A quick “control f” search of an ebook edition of To The Lighthouse found more than “heavenly bliss”. “Bliss” appears a second time in the novel when Lily tries to find the sympathy which Mr. Ramsay seems to demand from her. In order to do so, she works to recollect the “glow, the rhapsody, the self-surrender” which she had seen on so many women’s faces when they blazed up  into a “rapture of sympathy” which “evidently conferred on them the most supreme bliss of which human nature was capable.”  “Bliss” here is directly linked with the female providing sympathy to the male. The word becomes loaded with irony. The bliss with which James endowed the refrigerator is now conferred by self-surrender to the neediness and exactions of men.

The third and final appearance of “bliss” occurs when Lily reflects upon Mr. and Mrs. Ramsay’s relationship, realising that “[i]t was no monotony of bliss.” Domestic bliss in the Ramsay household is not a given; it is something to be fought for, to be negotiated, something to be strenuously pursued by means of silence, words and attitudes.  Lily’s insight comes immediately upon the realisation that in the Ramsay household “one had constantly a sense of repetition — of one thing falling where another had fallen, and so setting up an echo which chimed in the air and made it full of vibrations.” “Bliss” is carved out, in part by “long rigid silences”,  from the day-to-day of repeated marital tension.

Mindful of Virginia Woolf’s “Craftmanship” essay (1937), of how “words belong to each other,” of how “words suggest the writer,” I started to look for associations “bliss” might have had for Woolf. Very quickly Katherine Mansfield’s “Bliss” came into shadowy view. Mansfield…Mansfield…Katherine Mansfield! Of course! Given Woolf’s intense, ever so complicated rivalry and friendship with Mansfield, a Mansfield ghost in To the Lighthouse was almost inevitable. “Bliss” was its own “incarnadine,” and a sunken meaning of bliss was Katherine’s “Bliss.”

One diary entry and one letter provide strong evidence of how strongly “Bliss” infected Virginia.  On August 7th, 1918, Virginia recorded the following in her diary:

I threw down Bliss with the exclamation, “She’s done for!” Indeed I dont see how much faith in her as woman or writer can survive that sort of story. I shall have to accept the fact, I’m afraid, that her mind is a very thin soil, laid an inch or two deep upon very barren rock. For Bliss is long enough to give her a chance of going deeper. Instead she is content with superficial smartness; & the whole conception is poor, cheap, not the vision, however imperfect, of an interesting mind. She writes badly too. And the effect was as I say, to give me an impression of her callousness & hardness as a human being. I shall read it again; but I don’t suppose I shall change. She’ll go on doing this sort of thing, perfectly to her & Murry’s satisfaction Or is it absurd to read all this criticism of her personally into a story? (D 1: 179)

Three and a half years later, in a March 20th, 1922, letter to Janet Case, Virginia wrote:

I’ve not read K. Mansfield [The Garden Party], and don’t mean to. I read Bliss; and it was so brilliant,-so hard, and so shallow, and so sentimental that I had to go the bookcase for something to drink. Shakespeare, Conrad, even Virginia Woolf. But she takes in all the reviewers, and I daresay I’m wrong (don’t be taken in by that display of modesty.) Middleton Murry is a posturing Byronic little man; pale; penetrating: with bad teeth; histrionic; an egoist; not, I think, very honest; but a good journalist, and works like a horse, and writes the poetry a very old hack might write—but this is spiteful. Do not let my views reach the public. People say we writers are jealous. (L 2: 514–15)

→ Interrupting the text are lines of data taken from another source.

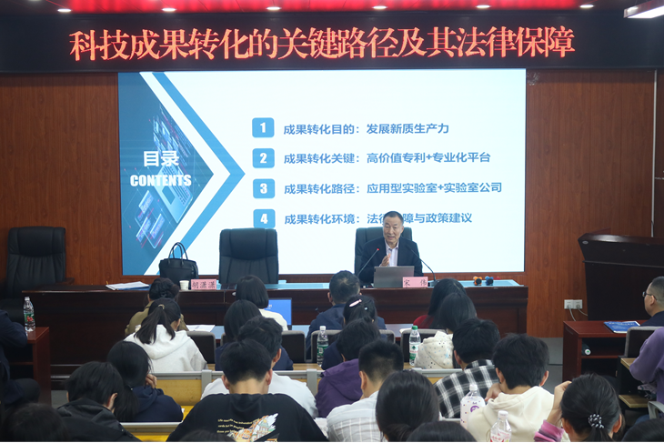 2025320日下午,中国科学技术大学知识产权研究院执行院长宋伟教授做客法学院,于博文楼南1205“科技成果转化的关键路径及其法律保障”主题讲座。本次讲座由胡潇潇教授主持,法学院师生百余人参加。
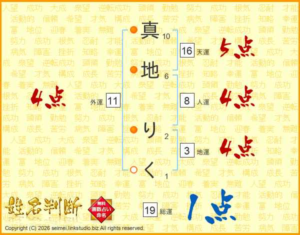 真地りくさんの天運は16画の5点!
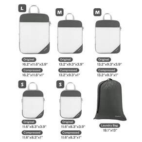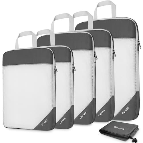 Gonex Organizadores de malha de compressão 1L + 2M + 2S + saco de lavanderia cinza - O conjunto inclui: 1 x grande (41 x 29,5 x 9,9 cm), 2 x médio (33,5 x 23,5 x 9,9 cm), 2 * pequeno (29,5 x 21 x 9,9 cm) e 1 * saco de roupa (46 x 33 cm) - Material macio: O poliéster ultra macio e leve com alta densidade e extensibilidade e zíper suave tornam este conjunto de cubos de compressão extremamente durável quando é preenchido com mais itens essenciais. - Revolucionou sua embalagem: nossos organizadores facilitam a embalagem e reduzem drasticamente o espaço necessário para viagens. Chega de embalar! - Economia de espaço: zíperes duplos do cubo de embalagem funcionam perfeitamente na compressão de roupas para ajudar a economizar espaço em sua bagagem de mão ou mochila de viagem. Ótimo equipamento de viagem para minimizar o tamanho da sua bagagem de mão. Alça rápida para fácil acesso a retirar cubos embalados da mala ou mochila. - Adequado para todas as ocasiões: ideal para férias em família, viagens de negócios, acampamento ao ar livre e armazenamento diário.
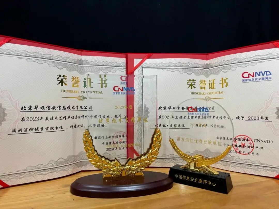 华顺信安荣膺CNNVD年度优秀技术支撑单位、高价值漏洞优秀贡献单位荣誉
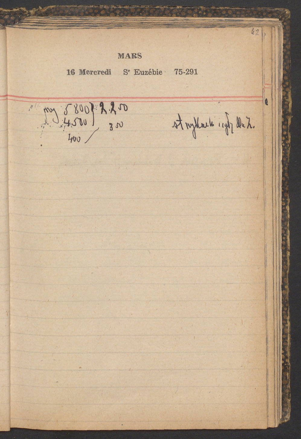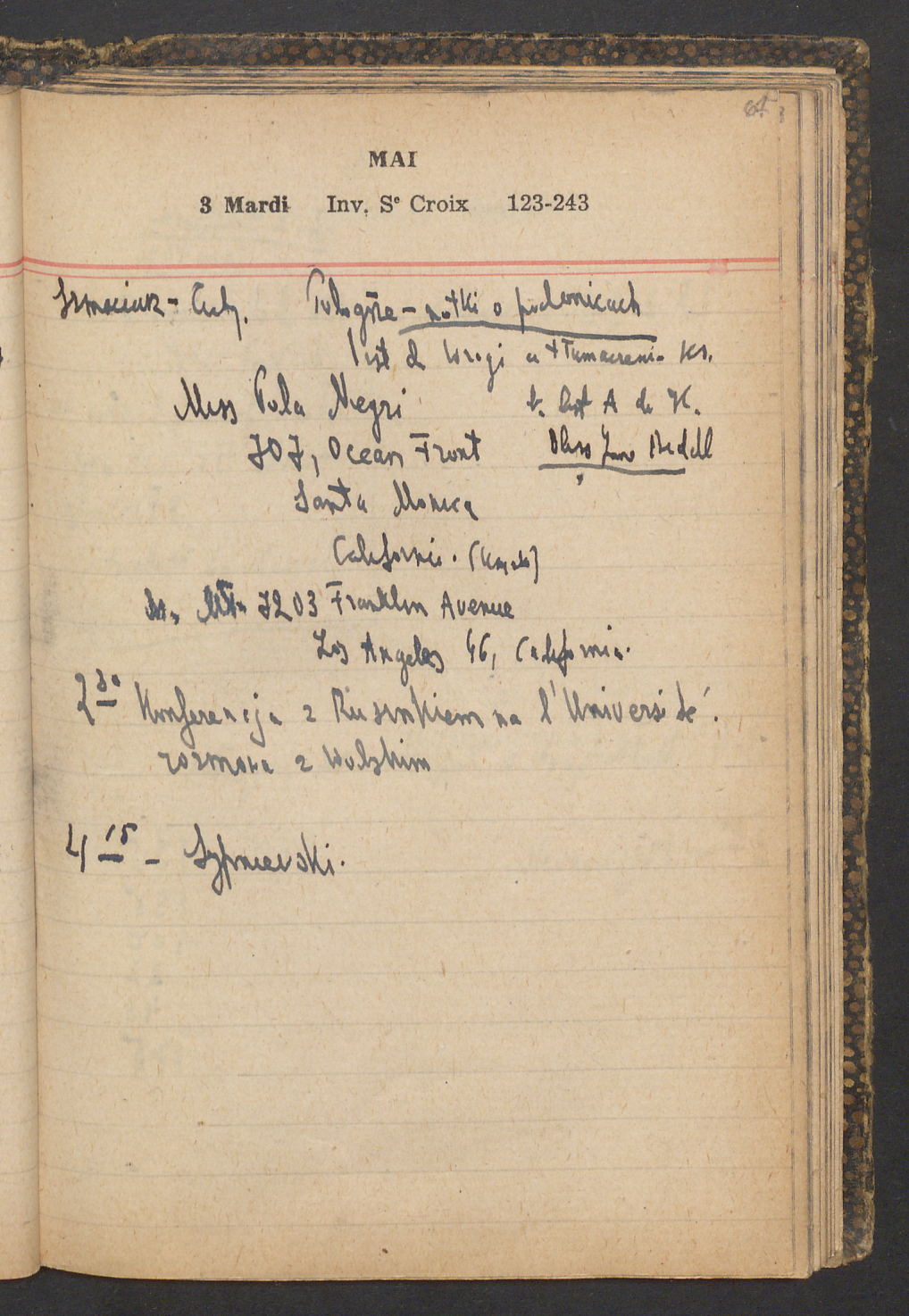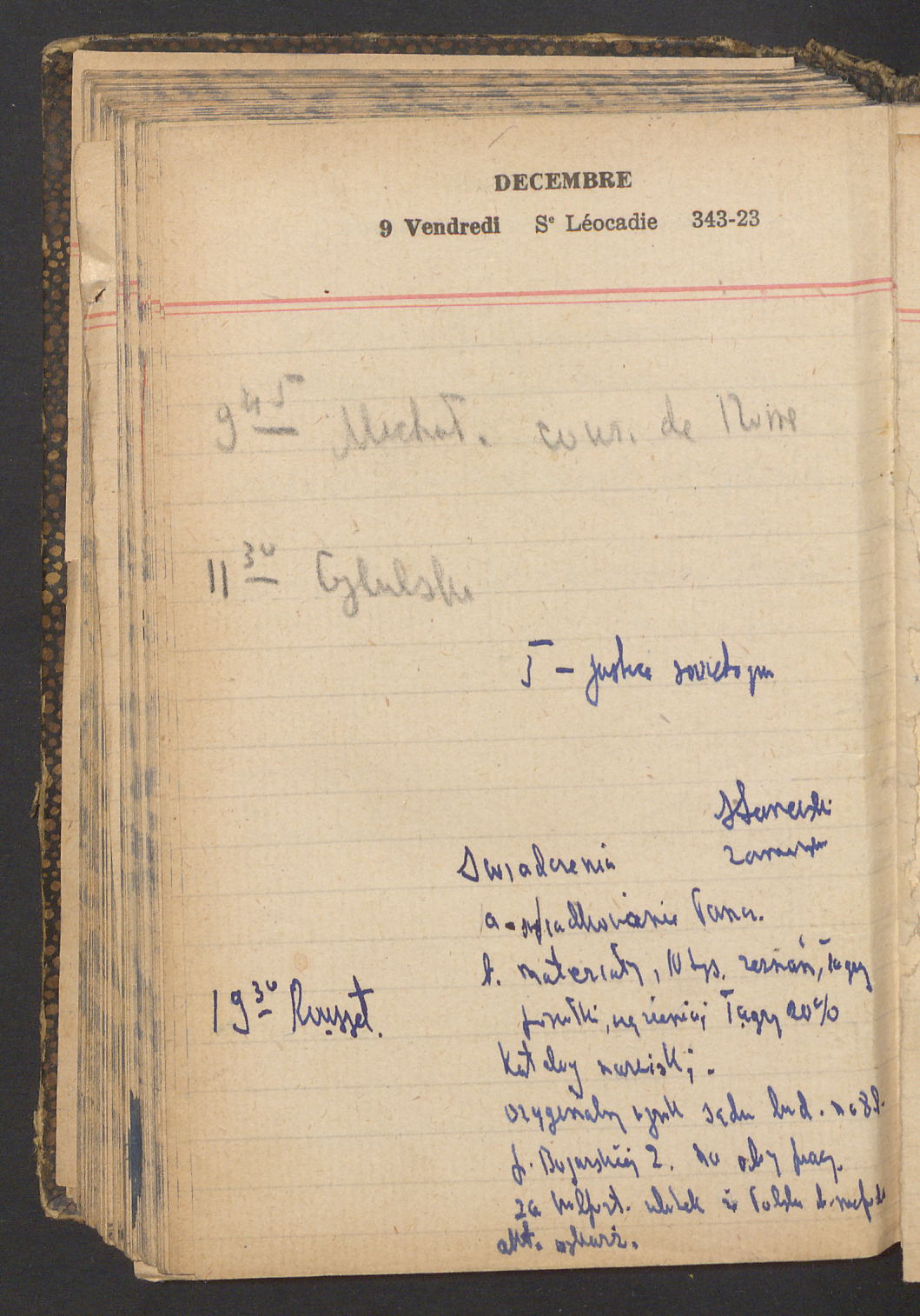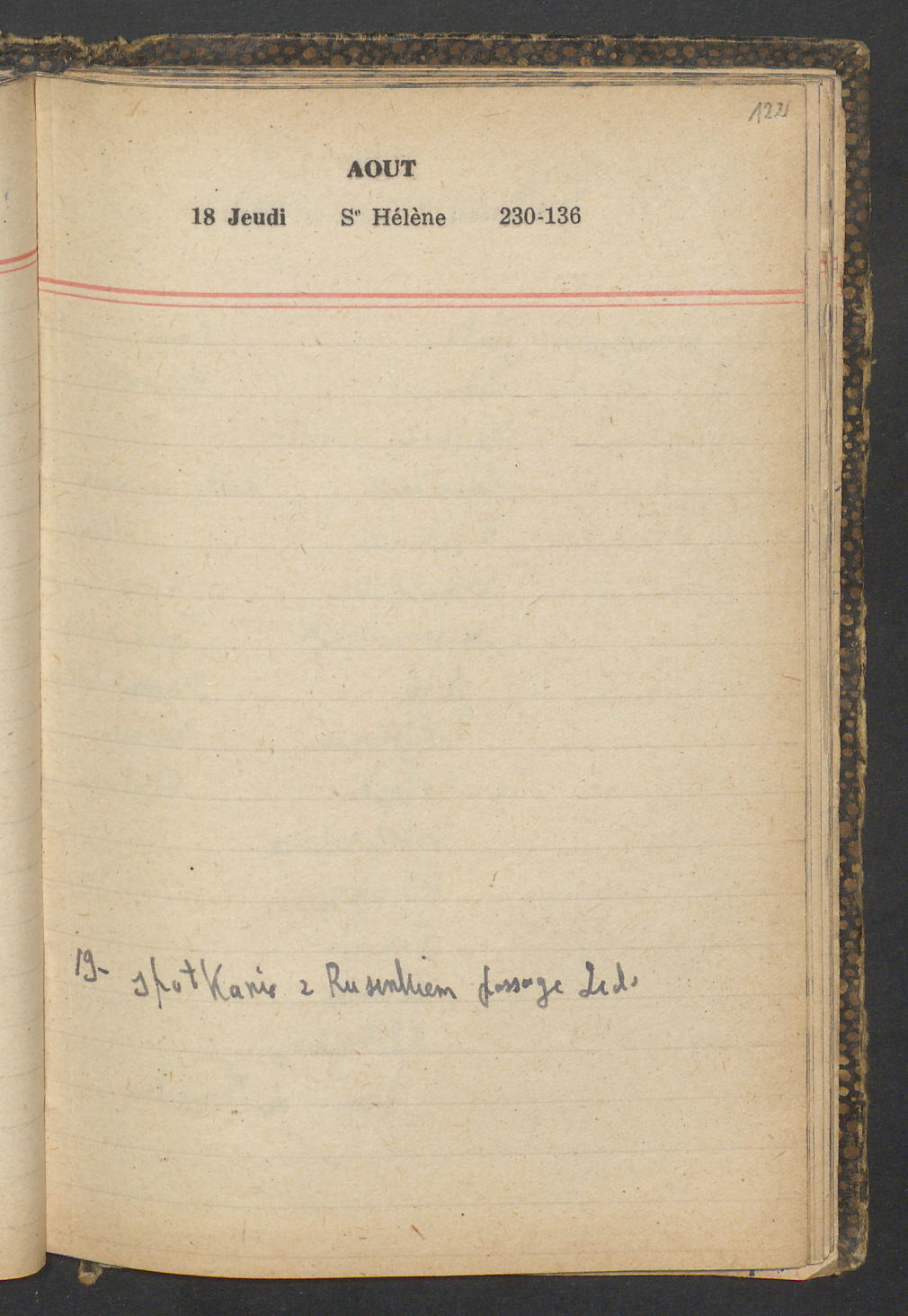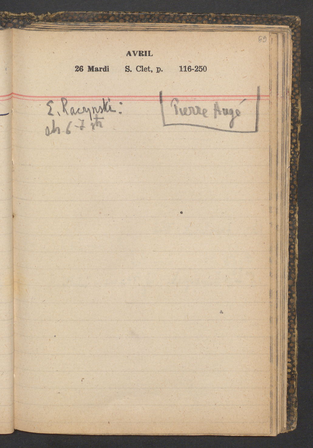 15 – Kawałkowski proponuję założ. org. franc. pol. pochodzenia oraz założenie za pien. fr. pisma codz. 2 języcznego. Mamy szczegółowo przedyskutować przed jego wyjazdem 4 IV do Londynu.
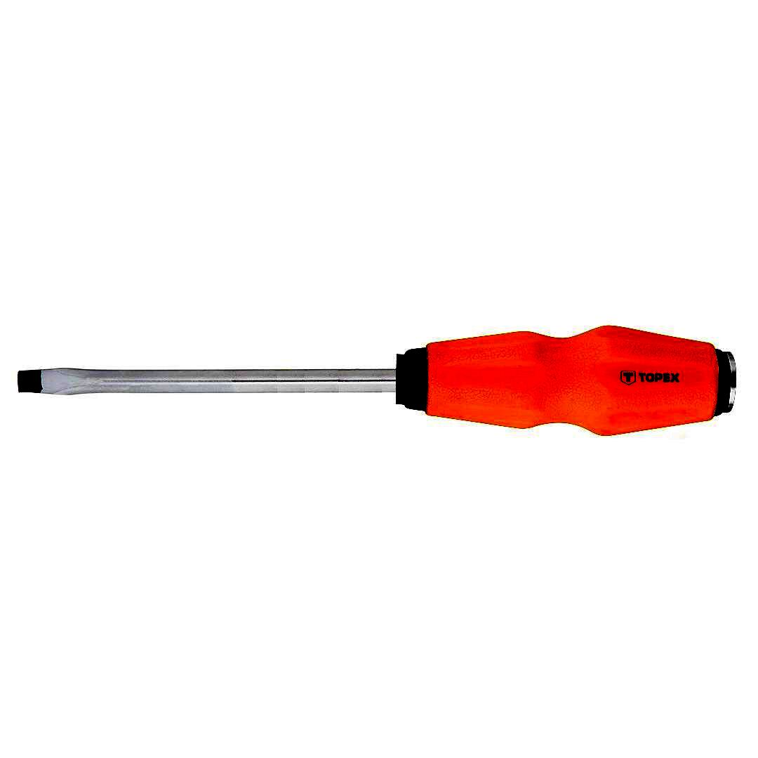 A TOPEX üthető lapos csavarhúzó besült, túl erősen meghúzott csavarok kilazítására, meghúzására szolgál. Hegye nagy ellenállóképességű, a szerszámnak hosszú élettartamot biztosító króm-vanádium acélból készült. A mágneses hegy megkönnyíti a szerszámmal végzett munkát A műanyagból készült ergonómikus markolat jól fekszik a tenyérben, növelve a munkavégzés kényelmét. A TOPEX márka ezermestereknek készül.
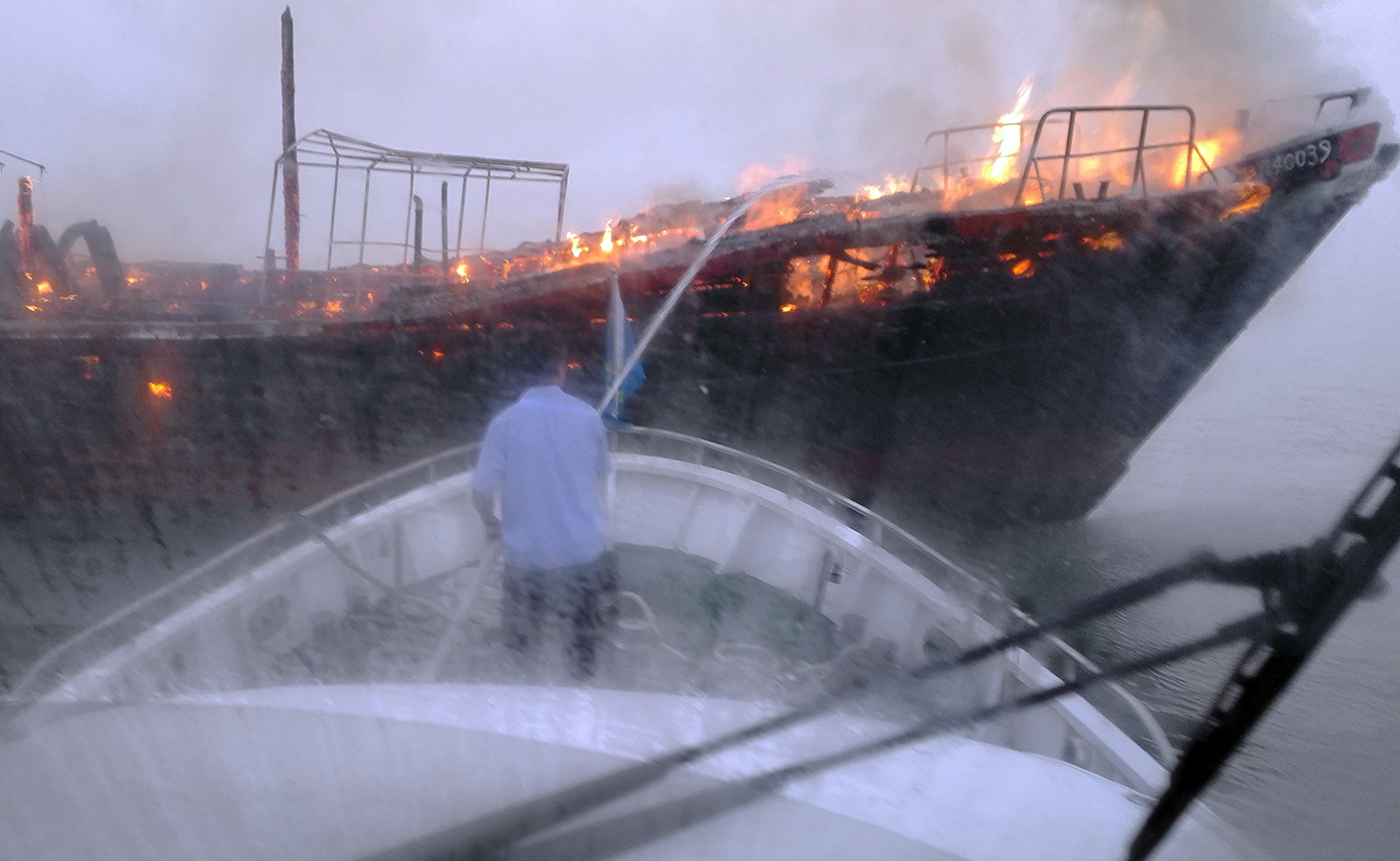 當日6時08分,珠海海上搜救中心接到110轉來報警:在珠海淇澳島對開海域,有一艘20多米長的木質小漁船起火,火勢無法控制,船上2名漁民跳海逃生,被附近作業的漁船救起。接到報警後,珠海海上搜救中心立即協調派出“海巡09170”、“公邊44233”以及“漁政44179”消防船前往事發水域滅火。半小時後,“海巡09170”率先抵達現場,發現漁船火勢猛烈,並伴隨著濃煙,在火勢較為集中的船頭位置,駕駛樓已經燒沒了。隨即,“海巡09170”用船上消防水槍滅火。後在“公邊44233”以及專業消防船“漁政44179”的協助下,經過半個多小時的不斷噴水,船上大火被完全撲滅。

“Bliss” had clearly registered strongly. Even if her comments were extremely negative, the deep impact of “Bliss” upon Virginia is, to again use a phrase from “Craftsmanship”, “plain as a pikestaff.”

Intriguingly, several readers and critics have suggested that Woolf’s strong reaction to “Bliss” might have been personal. For instance, in A Secret Sisterhood (2017) Emily Midorikawa and Emma Claire Sweeney write:

Virginia had yet to acknowledge what she would come to call her “Saphic” desires, but “Bliss” had clearly touched a raw nerve, vivifying something she could not yet name. It was hardly surprising that she should take the story personally since the character of Pearl Fulton shared some of her own most prominent qualities.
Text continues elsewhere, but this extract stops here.